Plans for maglev lines to cut traveling time, Shanghai and Guangzhou building travel hubs
March 2, 2021 Category Travel, Weekly
A new maglev train could cut travel time between Shanghai and Guangzhou to 2½ hours. The project is included in Guangzhou’s masterplan for 2020 and 2035. The Department of Natural Resources of Guangdong province has publicized the blueprint on its official website to solicit public opinions through March 11. The plan was released along with another planned maglev line linking Beijing, Guangzhou, Hong Kong and Macao. The traveling time between Beijing and Guangzhou will also be shortened to about three hours and 20 minutes, half the time the Beijing-Guangzhou High-Speed Railway takes.

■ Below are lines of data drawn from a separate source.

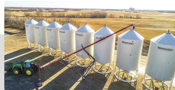
1630 - Can hold up to 154 ton of TerraNu

If you have any questions or are ready to sign up, contact your local TerraNu rep for more information.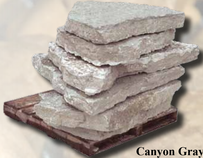
Canyon Gray 6" - 8.5" Slabs # 53106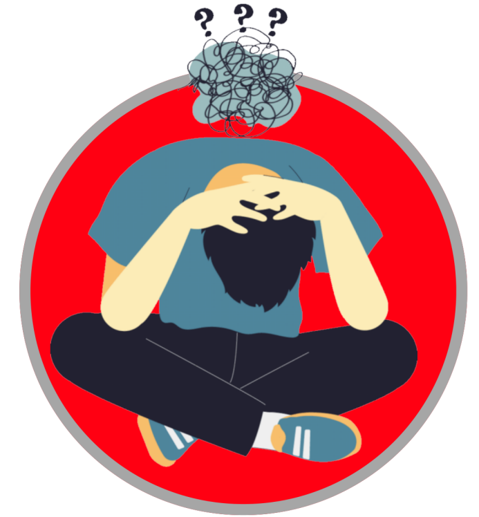
Lack of awareness of security policies and processes

Shanghai has China’s first commercial maglev service, a 30 kilometer track linking Pudong International Airport with a metro stop in Pudong. The system, based on German maglev technology, can reach a top speed of just over 400 km per hour. China’s first medium-and-low speed maglev line with a design speed of 100 km per hour started operation in 2016 in Changsha, Hunan Province, the Shanghai Daily reports.
Shanghai plans to transform the Hongqiao area and neighboring locations into an international hub to further promote the integration and opening up of the Yangtze River Delta. The planned Hongqiao international hub will include the 151-square kilometer Hongqiao Central Business District located in the west of Shanghai and two extended strips – one going northward to Suzhou, Jiangsu province, and the other going southward to Haining, Zhejiang province. Hongqiao already has one of the country’s busiest international airports and a high-speed railway station. According to the plan, the area will be fully constructed by 2035. The plan aims to form a greater metropolitan city cluster around Shanghai that will further the delta’s integration with the world economy. The plan includes favorable policies such as facilitating foreign entrepreneurship, international trade and finance, and accelerating the construction and upgrading of regional railway networks and international transportation infrastructure. Many intercity rail lines and highways will be built to create a two-hour transportation circle between the Hongqiao Central Business District and major neighboring cities. The current Hongqiao transportation hub, which brings together high-speed rail, an airport and local metro lines, handles 400 million passengers a year.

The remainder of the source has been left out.